Mirror, Mirror

A few quick footnotes to Ed Caesar’s piece on Deutsche Bank’s Russian adventures in The New Yorker. A sensible article, unexpectedly since it deals with finance and modern Russia, both difficult subjects for a literary magazine.

Still it doesn’t mention the question that comes to mind first: “was Deutsche the biggest culprit, or merely the only one that got caught?” I think the answer is obvious; the UK FCA might come up with it one day.

Apart from that, one wonders why the rubles could not be converted into dollars in the forex market. According to the US Department of State:

While the ruble is the only legal tender in Russia, companies and individuals generally face no significant difficulty in obtaining foreign exchange… Russia has no capital controls…

Which is a rare case among emerging markets. On the other hand, there are certain reporting and anti-laundering requirements:

Currency controls exist on all transactions that require customs clearance, which, in Russia, applies to both import and export transactions and certain loans. A business must open a “deal passport” with the authorized Russian bank through which it will receive and service the transaction or loan. A “deal passport” is a set of documents that importers and exporters provide to an authorized bank which enables the bank to monitor payments with respect to the transaction or loan and to report the corporation’s compliance with currency control regulations to the Central Bank.

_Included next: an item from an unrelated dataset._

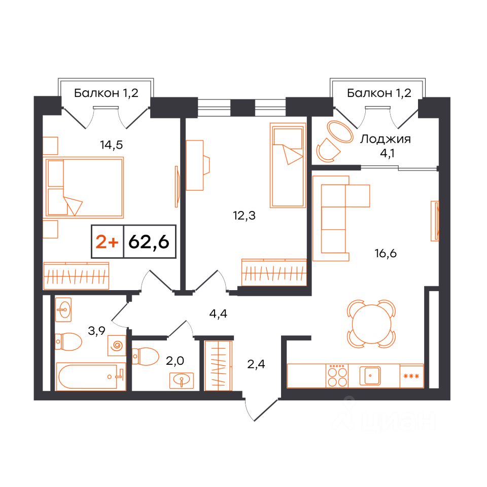 Общая площадь62,6 м²

These currency controls are about transparency, not about getting permission to convert. In other words, if a Russian company or individual wants to buy dollars, it/she can do that but will have to disclose the purpose of the purchase to the regulator. It follows that the reason why Deutsche Bank’s Russian customer(s) chose the expensive (forex brokers don’t charge 0.5%) mirror-trade channel is not because they could not buy dollars otherwise but because they did not want to share this information. Share with whom exactly? Hiding from whom?

The rubber duck scam is nicely explained, although I would replace “tax” with “import duty,” ostensibly introduced to protect Russia’s nascent rubber-duck industry. Alas, hiding the purchase of dollars to pay for the 9,990 ducks from the forex regulator is not enough. The importer has to make the physical entry of the 9,990 items into Russia invisible to the customs. How does the customs’ fee for looking the other way compare with Deutsche’s?

One comment

  1. A business must open a “deal passport” with the authorized Russian bank through which it will receive and service the transaction or loan.

    Ah, the Passport of the Deal. I’ve come across this bureaucratic bullshit before. It seems less aimed at combatting money laundering than keeping armies of staff employed in Russian banks.